頭がボーっとしたり、目鼻がムズムズしたり、花粉症の症状は人それぞれですが、理解のない人からは「集中力がたりない」なんて思われてしまうことも。30年以上前から花粉症に悩むイルカさんは、症状を逆手にとって、新たな仕事を開拓していったそうです。

3〜4月は「花粉休み」と30年前に決めた訳

── シンガーソングライターとして半世紀以上のキャリアをもついっぽうで、絵本作家、着物のデザイン、さらには60代から母校・女子美術大学の客員教授として教壇に立つなど、活動はとどまるところを知りません。
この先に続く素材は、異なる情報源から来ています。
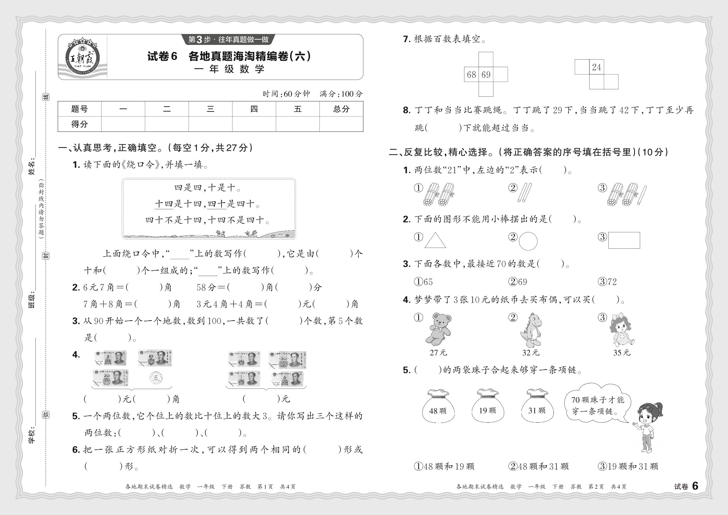 一年级数学苏教版下册期末卷

多くの人が守りに入る年齢を過ぎても、新しい扉を開けることができるのはなぜでしょう。

 

イルカさん:好きなことだから続けられるのはもちろんですが、「ムリをしないで休む」というメリハリが、もっとも大事なんじゃないかと思っているんです。ツアー中は生活のすべてを「ステージ中心」にして体力を温存する。その代わり、毎年3〜4月は「花粉休み」としてお休みをいただくようにしています。花粉症がひどくて40代のころから、もう30年以上続けている習慣ですね。

 

──「花粉休み」とはユニークですね。ただ、30年以上前ですと、「体調が悪くても頑張るのが美徳」という時代でもありました。休むという選択に迷いはなかったですか?

 

イルカさん:たしかに「花粉くらいでなぜ休むんだ」とお叱りを受けることもありました。でも、もしもあのときムリして続けていたら、きっと心身のバランスを崩していたんじゃないかな。

 

春先は体調が不安定になる時期でもあって「今日、大丈夫かな…」と心配を抱えたままステージに立つのは、お客さまにも自分にもよくない。だから、思いきって休むことにしたんです。そのおかげでのどを守ることができ、75歳の今も歌い続けられています。やっぱりムリをしたらダメなんですよね。